HTTP Authorization

A discussion on authentication and authorization in HTTP

Posted on Sunday, 3 January, 2016

In Liberator, there are two callback decision functions that are used to implement security.

The first is authorized?, which determines whether request processing continues or a 401 response is returned, while the second is allowed?, which determines whether request processing continues or a 403 (Forbidden) is returned.

In the past, when developers have asked me which callback to use, I've recommended using the authorized? callback for authentication and the allowed? callback for authorization.

So authorized? for authentication? Obviously, that can't be right. I've justified this as a historic naming quirk of HTTP. The fact that the message of the 401 response is 'Authorization Failed', I've suggested that this is the only reason why Liberator's callback is authorized? and that people shouldn't worry about it further.

This explanation aligns with how most HTTP implementations do authentication and authorization for protected resources :-

  1. Authenticate the user contained in the request. If there is no user, send a 401 Unauthorized response with a WWW-Authenticate header.

  2. Authorize the request, to make sure the user contained in it is allowed to access the resource in question. If they aren't, send a 403 Forbidden.

Recently, I've been working on the security in yada which is intended as a faithful implementation of the HTTP standards, so I've been re-reading the RFCs, notably https://tools.ietf.org/html/rfc7235.

As a result, I now believe my prior interpretation of HTTP security, and that of many existing implementations, while approximately correct, is still not accurate.

Here I offer a more nuanced explanation of how HTTP security is supposed to work. For completeness, I'll work in the concept of realms.

(Realms) allow the protected resources on a server to be partitioned into a set of protection spaces, each with its own authentication scheme and/or authorization database. The realm value is a string, generally assigned by the origin server, that can have additional semantics specific to the authentication scheme. Note that a response can have multiple challenges with the same auth-scheme but with different realms.
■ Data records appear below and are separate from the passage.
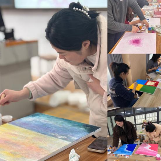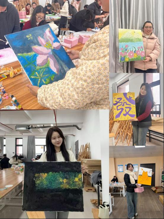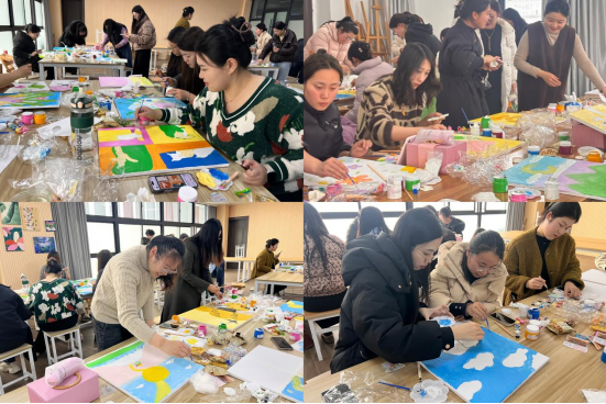 在创作过程中,学院为教师们提供了丰富的创作材料,大家纷纷发挥创意,利用不同的材料和技法,独立完成了一幅幅独特的肌理画作品。这些作品不仅展现了教师们对艺术的理解和感悟,更体现了她们的创造力和团队协作精神。活动现场气氛热烈,教师们在创作中放松身心,感受艺术的魅力,同时也增进了彼此之间的沟通与交流。
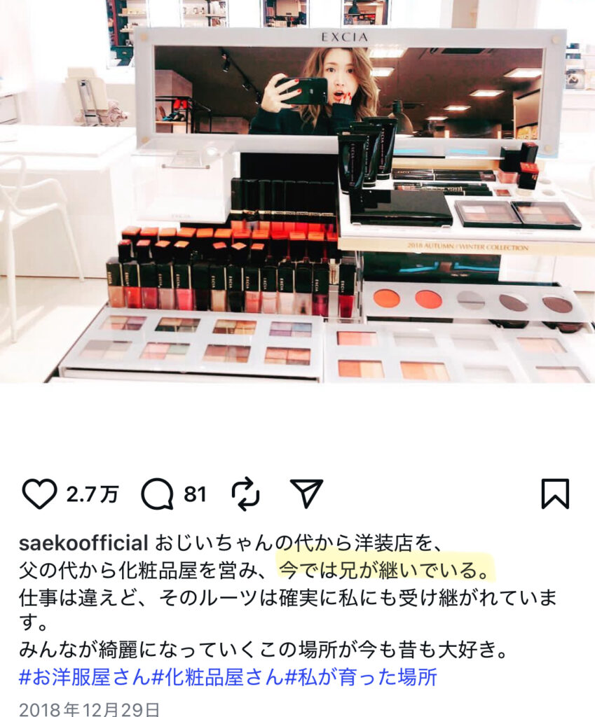 紗栄子さん本人も、自身のブログで「実家がお化粧品屋さんです」と明かしています。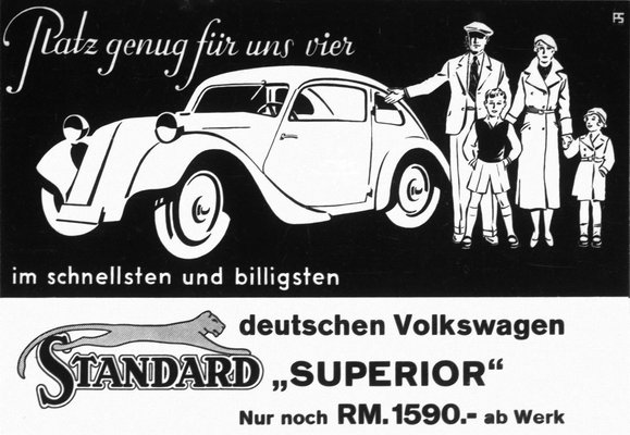 Amíg Porsche prototípusai nem jutottak túl a prototípus fázison, a Ganzék által bemutatott Standard Superior a prospektusában egy tipikus német családdal, két gyerekkel került bemutatásra, akik büszkén állnak a farmotoros bogárhátú Standard Superior mellett, miközben azt mondja a szöveg, hogy „Rengeteg hely négyünknek a leggyorsabb és legolcsóbb német Volkswagenben”. Ez találta telibe a Führer vízióját!
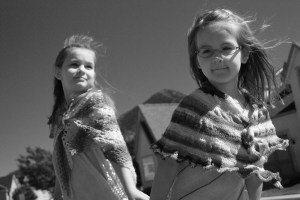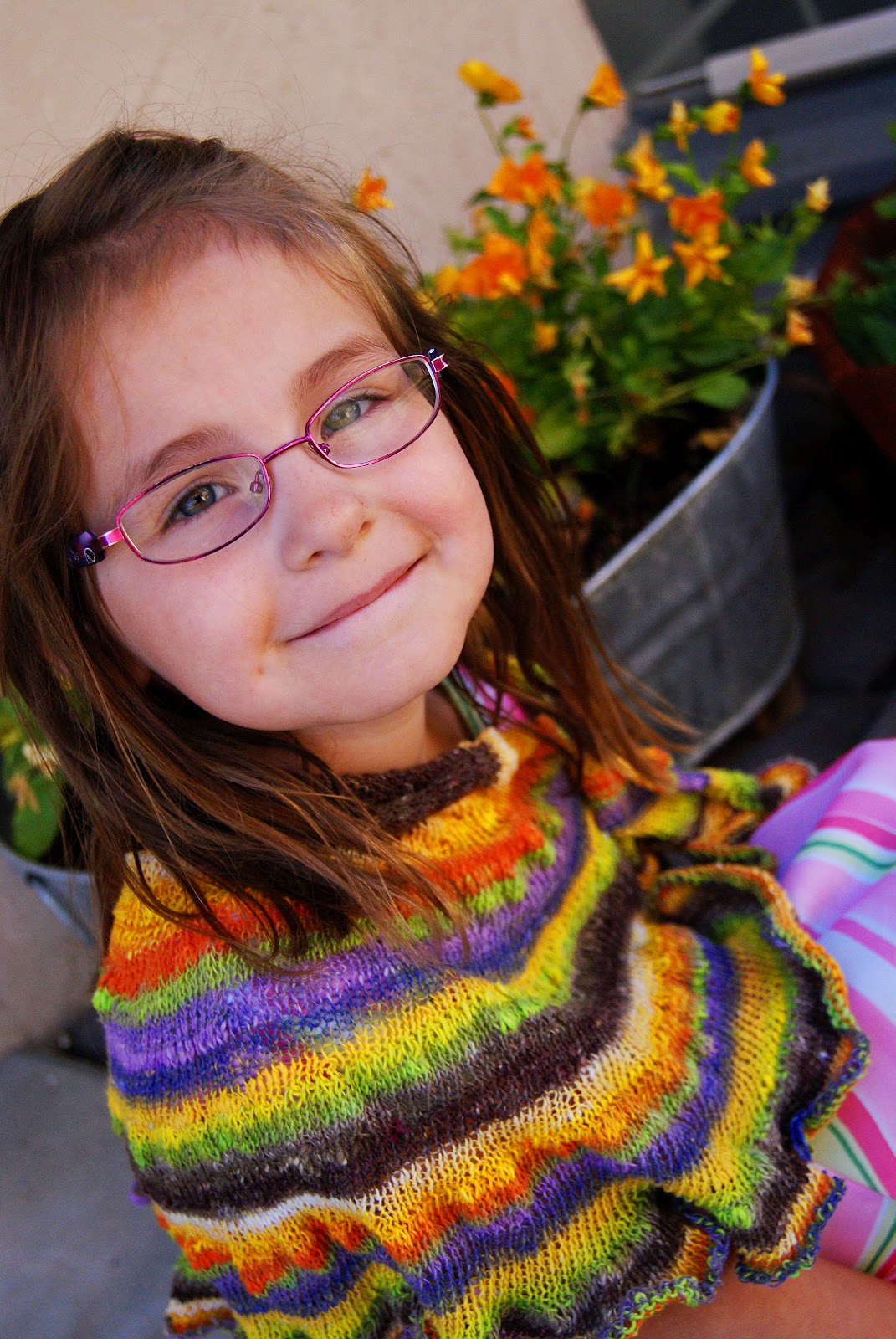 June: I made a big, swirly skirt for Rachel because she was suddenly obsessed with big, swirly skirts. I also started working on my Violet Chambray M6696. Very busy in the garden, and we started doing a lot of cooking from scratch, which took up a lot of our time. I also kept putting in time on the Peacock Feathers Stole.

See RFC 7235 section 2.2.

So here's the revised algorithm :-

  1. For each realm governing this resource,

a. validate the user's credentials contained in the Authorization or other header of request, according to the authentication scheme used by the request (this could be contained in the Authorization header itself, or in another header or cookie, or elsewhere.
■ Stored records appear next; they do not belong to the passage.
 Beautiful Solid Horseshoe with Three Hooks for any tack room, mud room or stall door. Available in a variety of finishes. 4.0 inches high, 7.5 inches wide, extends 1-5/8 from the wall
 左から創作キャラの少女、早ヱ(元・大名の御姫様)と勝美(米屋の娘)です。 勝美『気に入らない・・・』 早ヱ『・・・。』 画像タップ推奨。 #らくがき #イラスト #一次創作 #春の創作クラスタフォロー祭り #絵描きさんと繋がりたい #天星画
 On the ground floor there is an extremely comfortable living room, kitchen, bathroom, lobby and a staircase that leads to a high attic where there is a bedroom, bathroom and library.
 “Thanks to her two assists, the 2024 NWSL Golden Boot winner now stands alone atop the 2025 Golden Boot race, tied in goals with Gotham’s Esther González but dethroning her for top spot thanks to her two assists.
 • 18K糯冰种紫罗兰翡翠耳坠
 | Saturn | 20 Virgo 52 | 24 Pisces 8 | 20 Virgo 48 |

b. determine the user's authorization rights (roles, permissions, entitlements).

c. if no valid credentials are specified, particularly if resource's representation depends on whether they are, set the WWW-Authenticate header on the response containing a comma separated list of the realm's authentication schemes and parameters. See RFC 7235 section 4.1.

  1. Load the resource's access requirements. (I've made this an actual step to map onto yada's get-properties step.)

  2. If the resource requires a valid user, but there is no valid user in the request, return with a 401 response.

  3. If the resource does not require a valid user for the given method, proceed with the request. The WWW-Authenticate is still set on the response, to indicate to the user-agent that providing credentials might influence the response.

  4. Otherwise, if there is a valid user, but the user's authorization rights (roles, permissions, entitlements) are not sufficient to access the resource, return a 403 (or 404). See RFC 7235 section 2.1.

According to this algorithm the absence of a user in the request does not, in itself, warrant a 401 response. It is only when we look at the method involved, and the resource itself that we can make that determination. It's quite possible that a resource might allow access from safe methods but not allow unsafe methods (that might mutate the resource) from unauthorized users.

It should also possible to communicate to a user agent that providing an Authorization might influence what they get back from a request, while at the same time providing a 200 response.

These cases are tricky to implement with Liberator, but the revised algorithm makes these situations possible to implement, at the expense of a more complicated resource model.

In this interpretation, a 401 does have to do with authorization, and the Unauthorized message is not merely a quirk of HTTP. It is not simply enough to check that there is no valid user, it is also important to check that the resource needs one.